Day 3: River Tubing and the Lanquin Caves
Morning: River Tubing
Inner tube on the Cahabon River. US$10 from the hostel. 1.5 hours of floating through jungle, through small rapids, past overhanging trees where toucans watched from branches. The water was warm and brown (rainy season was approaching — in peak dry season it's clearer). Life jacket provided.
This is gentle adventure — nothing scary, just peaceful floating with occasional splashing through rapids. I waterproofed my phone in a dry bag and took photos of the jungle canopy from water level.
Afternoon: Lanquin Caves (Grutas de Lanquin)
A massive cave system at the source of the Lanquin River. Entry GTQ30 (~US$4). Impressive stalactites and a resident bat colony. The cave is partially lit but bring a headlamp for the deeper sections.
The real show: at sunset, thousands of bats emerge from the cave mouth in a spiraling cloud. They pour out in a continuous stream for 10-15 minutes, flying in a tight spiral before dispersing into the twilight sky. It's silent except for the rushing of small wings. One of those moments where you stand with your mouth open.
Evening: Jungle Night Walk
Q'eqchi' Maya guides lead nocturnal jungle walks from Lanquin hostels.

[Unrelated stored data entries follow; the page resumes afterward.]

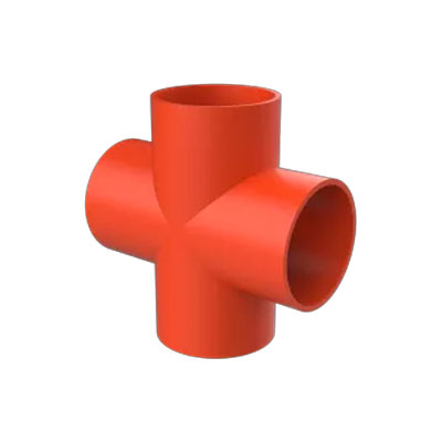 Gruvlok® 0390036242 FIG 7068P Cross, Carbon Steel, 4 in Nominal, Plain End Style, Rust Inhibiting Orange Painted, Domestic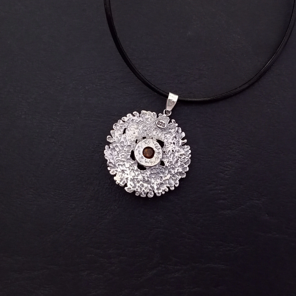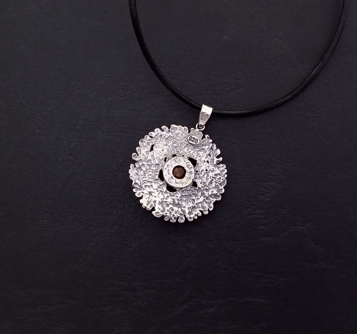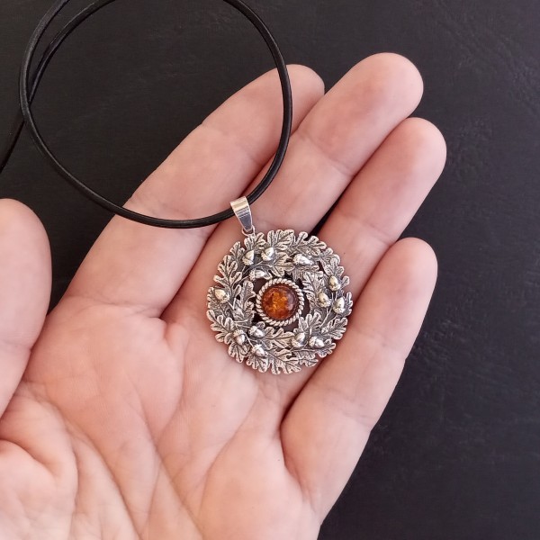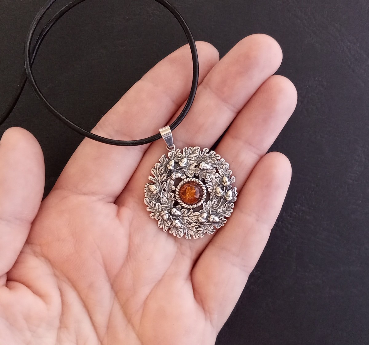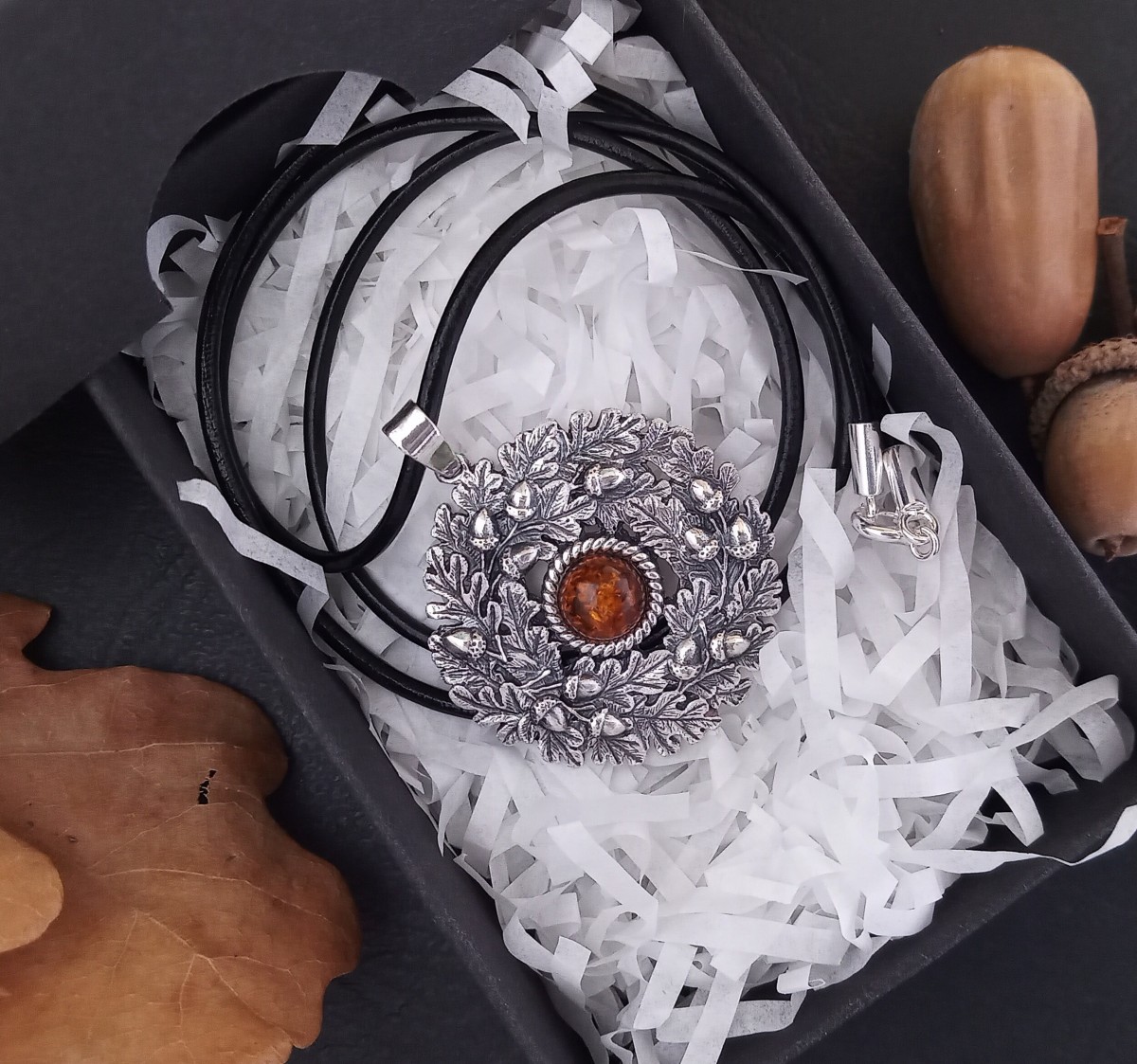Kulons "Ozola lapas" no 925 oksidēta sudraba ar dzintaru.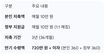 "내가 10만 원을 저축하면, 정부도 10만 원을 얹어준다"고 생각하시면 쉬워요. 3년 뒤에는 내가 낸 돈의 딱 두 배가 되어 돌아오는 구조인 셈이죠.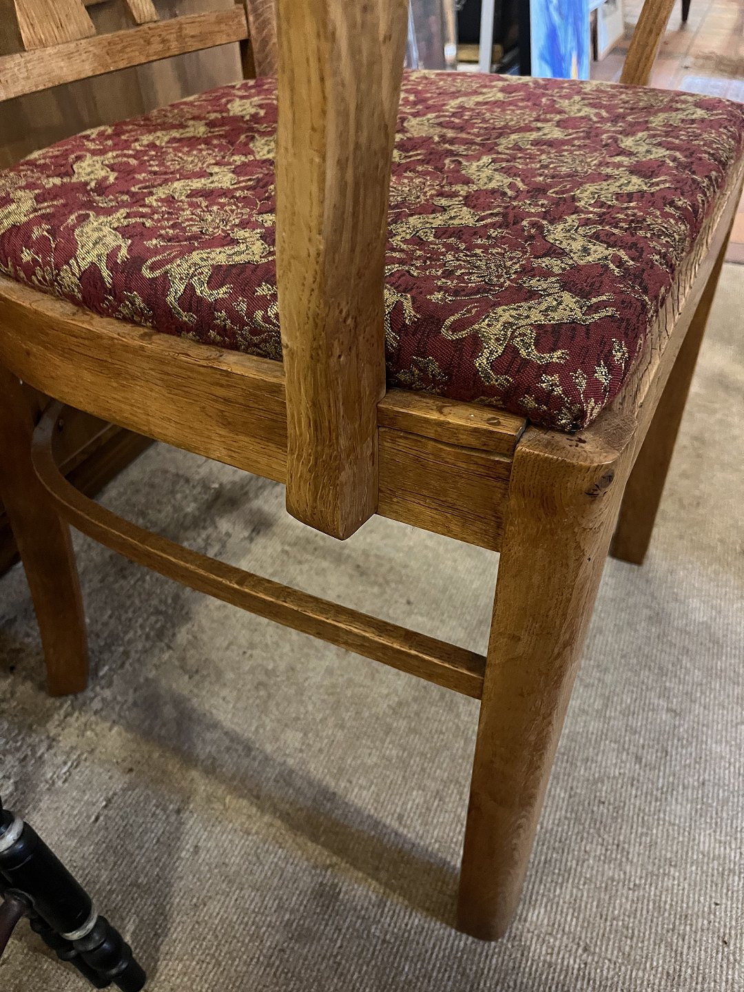 Dansk snedkermester armstol fra omkring 1930’erne i massiv egetræ og sæde i møbelstof.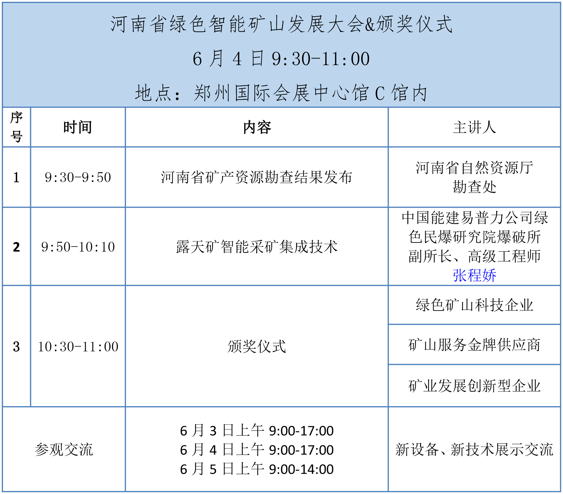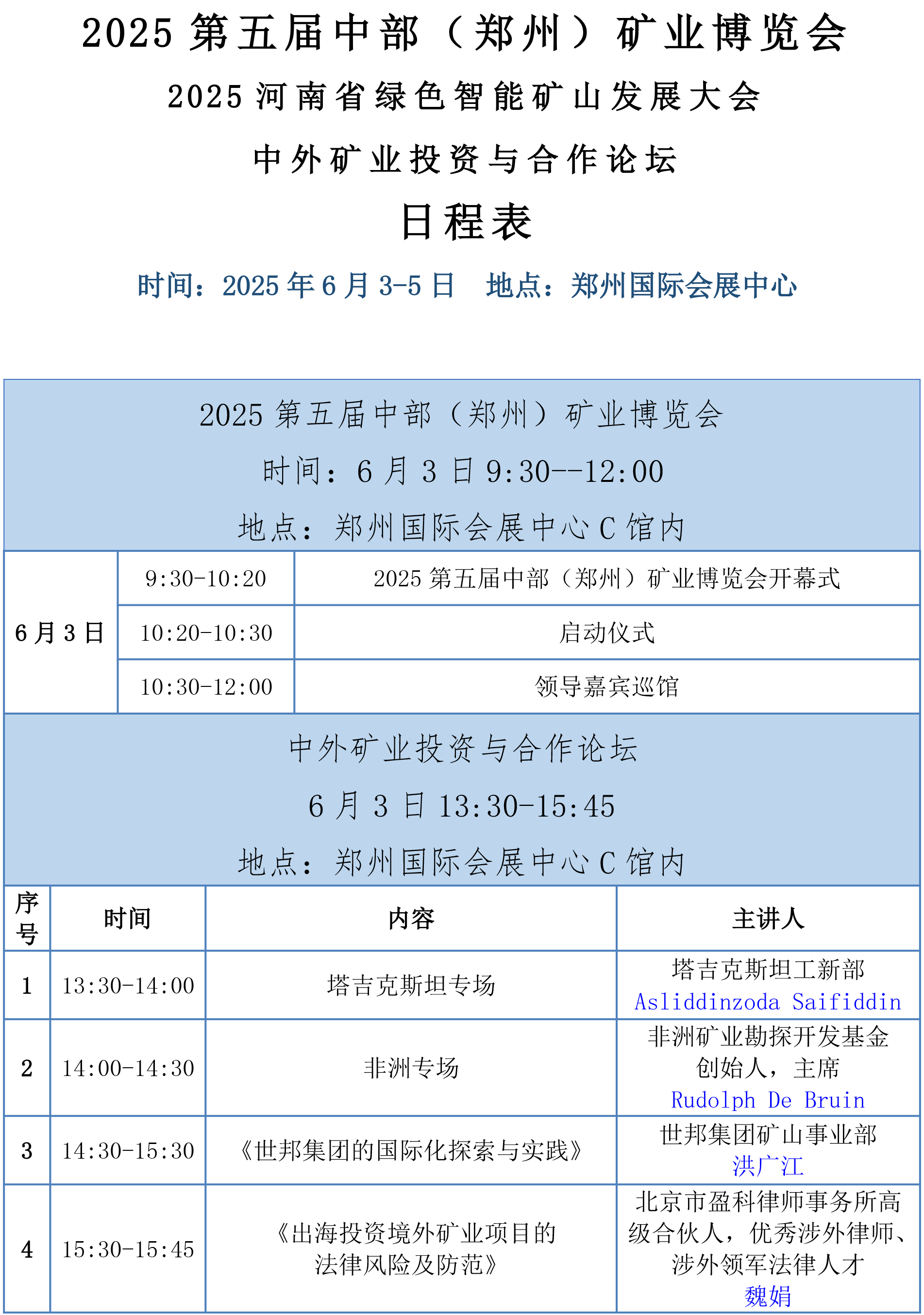 由河南省自然資源廳、中國砂石協(xié)會、中國礦業(yè)報社指導;河南省礦業(yè)協(xié)會、環(huán)球破碎機網(wǎng)聯(lián)合主辦的“2025第五屆中部(鄭州)礦業(yè)博覽會”、將于2025年6月3日-5日在河南鄭州舉辦,同期舉辦“中外礦業(yè)投資與合作論壇”、“2025河南省綠色智能礦山發(fā)展大會”、“頒獎儀式”等活動。 本次博覽會,以“綠色創(chuàng)新·智啟未來”為主題,打造中部地區(qū)最具影響力的礦業(yè)行業(yè)盛會,聚焦智能開采裝備、綠色礦山技術(shù)、新能源礦產(chǎn)開發(fā)及國際礦權(quán)合作四大核心領(lǐng)域,鏈接“裝備制造走廊”與礦業(yè)需求,設(shè)立“中外礦業(yè)合作專區(qū)”,緊抓“一帶一路”新機遇,力促礦產(chǎn)國項目推介與跨境合作洽談。屆時大會將匯聚國內(nèi)外礦業(yè)領(lǐng)域的專家學者、企業(yè)代表,共同探討行業(yè)發(fā)展趨勢,展示礦業(yè)領(lǐng)域的新技術(shù)、新裝備、新成果。 展會期間,邀請塔吉克斯坦工新部、非洲礦業(yè)勘探開發(fā)基金等海外礦業(yè)部門及機構(gòu),共同舉辦中外礦業(yè)投資與合作論壇;邀請河南省自然資源廳相關(guān)負責人做河南省礦產(chǎn)資源勘查結(jié)果發(fā)布,另邀請行業(yè)專家作綠色智能礦山發(fā)展相關(guān)學術(shù)報告,為展商和參會企業(yè)提供更多技術(shù)交流和項目對接合作機會。 01展會時間、地點 時間:2025年6月3-5日 地點:鄭州國際會展中心C館 地址:鄭州市鄭東新區(qū)商務(wù)內(nèi)環(huán)路中央公園1號 02、組織機構(gòu) 指導單位:河南省自然資源廳 中國砂石協(xié)會 中國礦業(yè)報社 主辦單位:河南省礦業(yè)協(xié)會 環(huán)球破碎機網(wǎng) 承辦單位:河南英富曼會展服務(wù)有限公司 這場盛會即將于6月3日在鄭州國際會展中心拉開帷幕!以下是本次大會日程,請大家先睹為快! 展會預(yù)登記通道已全面開啟 觀眾提前預(yù)登記可享受三大福利 為了使觀眾更便捷的參觀展會, 掃描上方二維碼即可完成登記! 溫馨提示:記得保留截圖哦
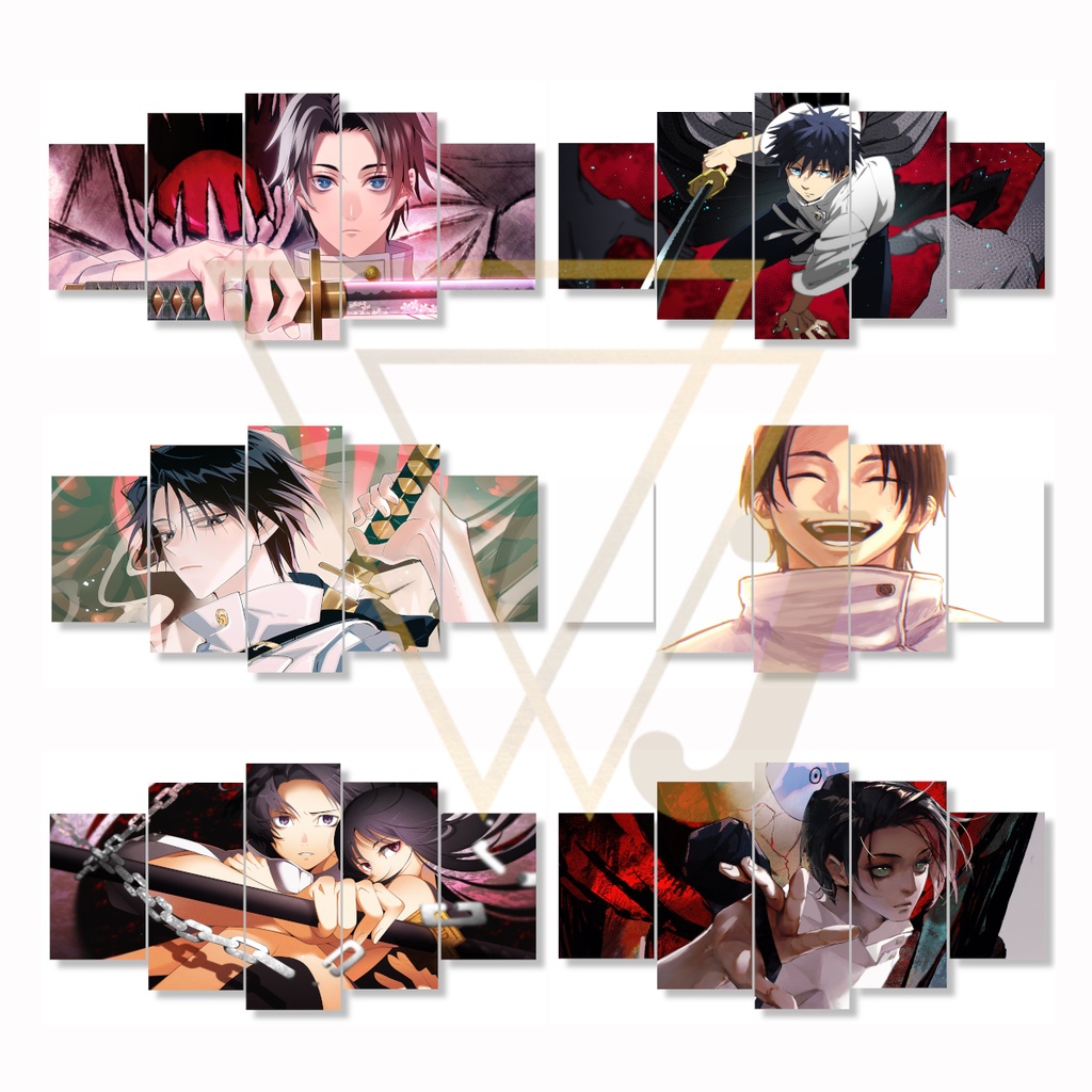 Quadro Decorativo 5 peças Mosaico Animes Goku Boku no Hero Izuku Midoriya One Piece Luffy Dragon Ball Super jujutsu kaisen Gojo Satoru demon slayer kimetsu no yaiba tanjiro kamado 7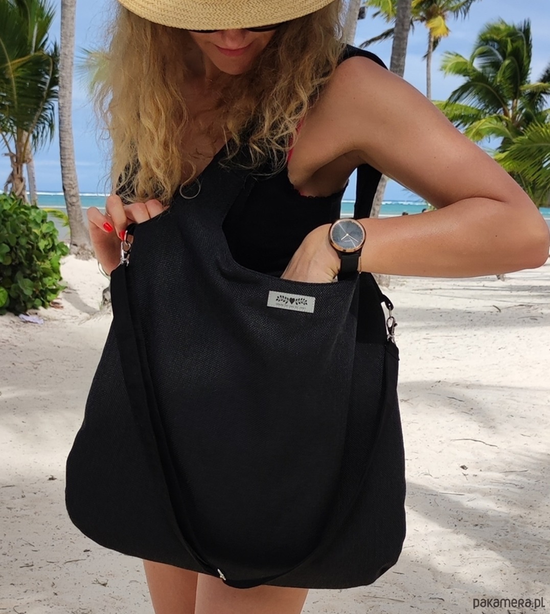Piękna duża torebka wykonana z plecionego, mocnego materiału,
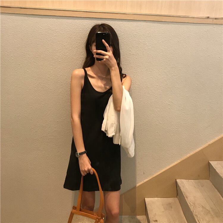 スプリングサマースリムショートスカート ルーズソリッド カラーVネックドレス 春物 夏物 ソリッドカラー 1号婦人63531347430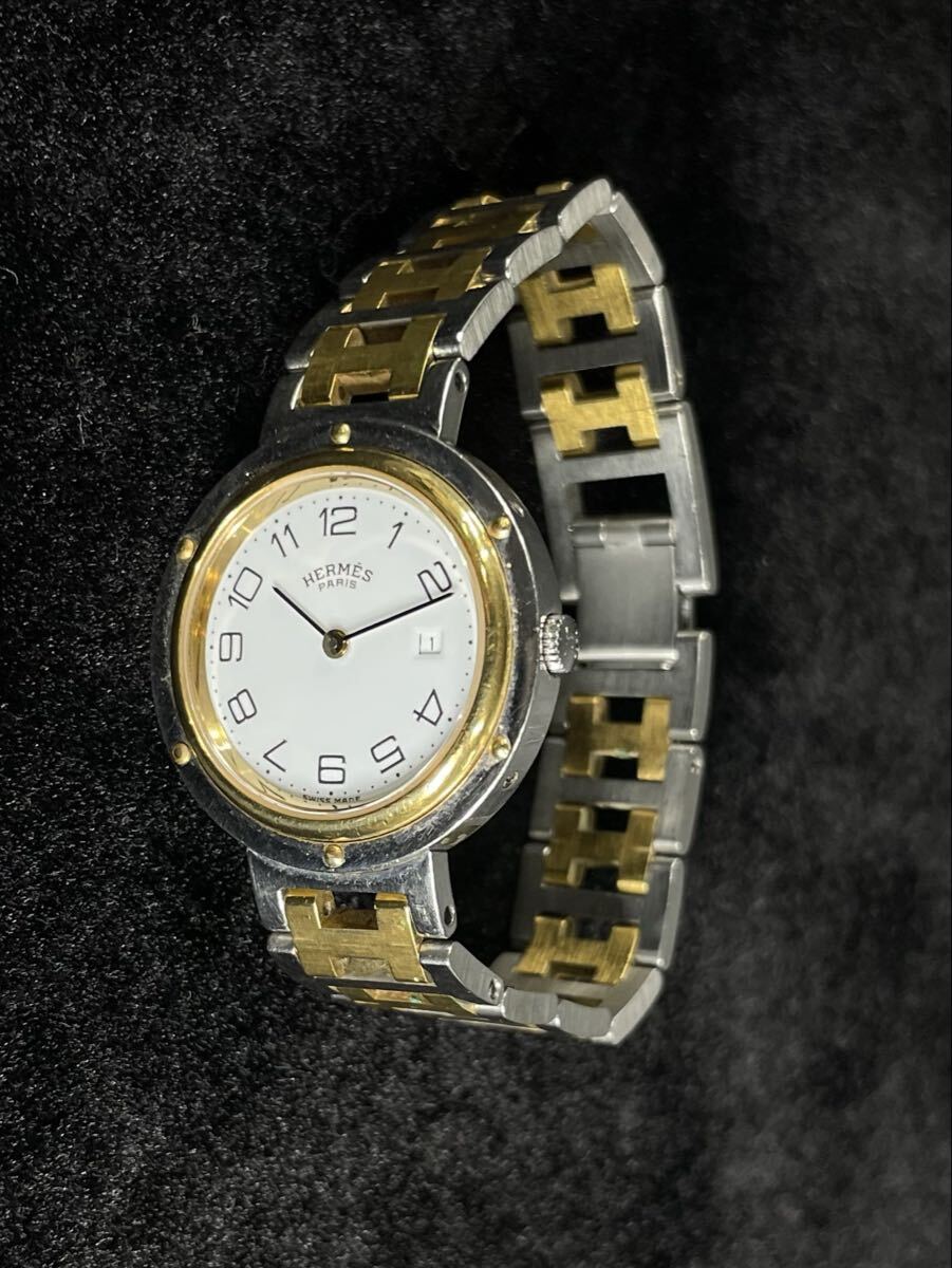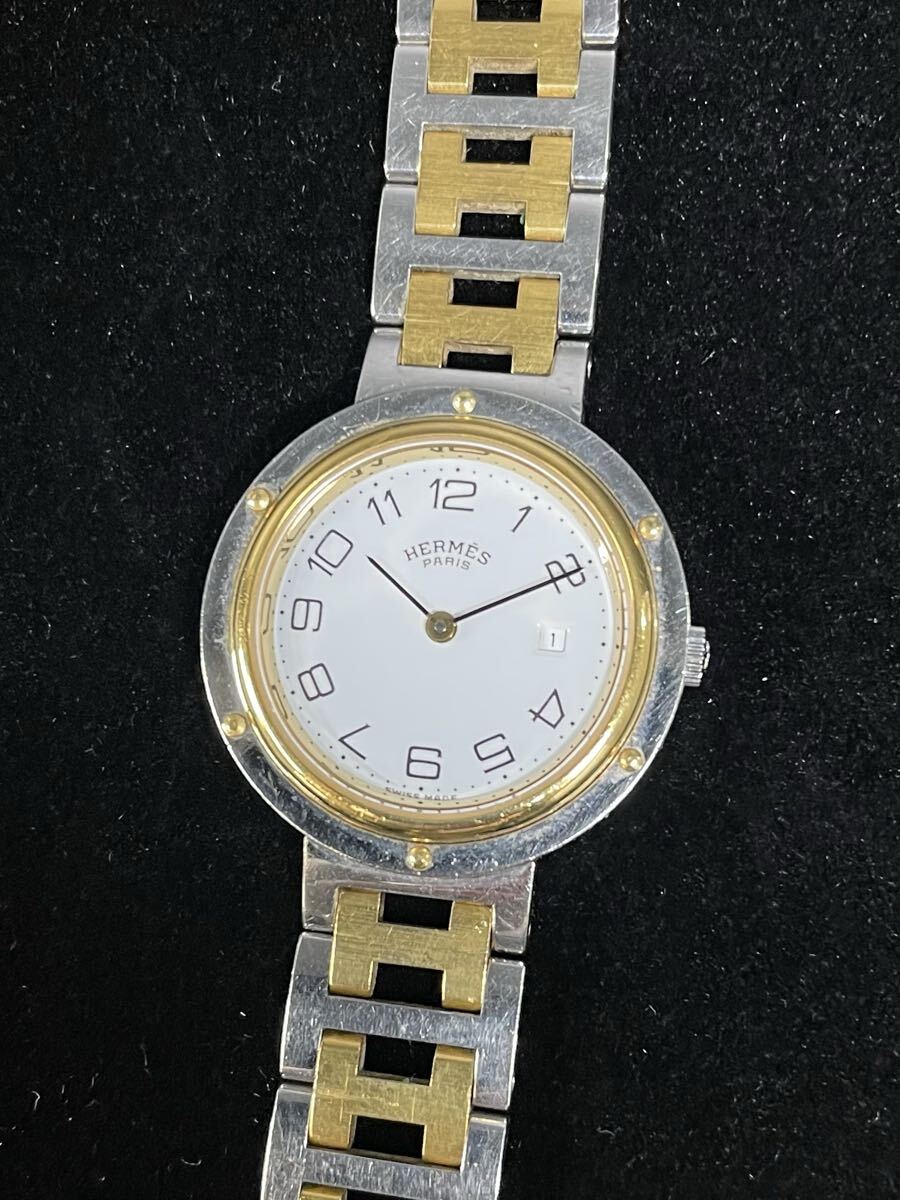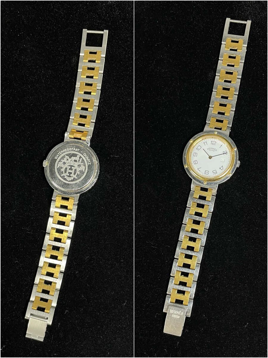 | 商品名 | E881★Herms 腕時計 クリッパー QZ デイト 2針 エルメス コンビカラー ホワイト文字盤 稼働品 |

US$10. We walked for two hours with headlamps and spotted: a tarantula the size of my palm, three species of tree frog, a coral snake (from a safe distance), and bioluminescent fungi glowing faintly on rotting logs.
Diego (who also led this walk) identified every animal in Q'eqchi' and English. His knowledge of the forest — medicinal plants, animal behavior, seasonal patterns — was the most impressive thing I encountered in Guatemala. Rubber boots provided.
The Departure
The shuttle back to Coban left at 8 AM. Same road. Same craters. Same grip-the-dashboard technique. But this time I didn't mind. The discomfort of the road felt earned — like the difficulty of access is part of what makes Semuc Champey what it is.
From Coban, I caught a bus to Antigua (5-6 hours, ~US$10). Paved road. Air conditioning. I fell asleep within minutes.
Three days. Turquoise limestone pools. A candlelit cave river. River tubing. 10,000 bats at sunset. Bioluminescent fungi. For US$106.
Semuc Champey is not easy to get to. That's the entire point.
If you're exploring more of Central America, Antigua Guatemala offers a completely different experience worth considering.
If you're exploring more of Central America, Lake Atitlan offers a completely different experience worth considering.
If you're exploring more of Central America, Granada, Nicaragua offers a completely different experience worth considering.
If you're exploring more of Central America, Belize offers a completely different experience worth considering.
Would I Go Back?
Absolutely. But I'd go in February or March when the pools are at their clearest turquoise and the road is at its driest (still awful, but less awful). I'd stay at El Retiro instead of Zephyr (quieter, closer to the river). And I'd bring better shoes — the slippery rocks at the pools demand proper grip.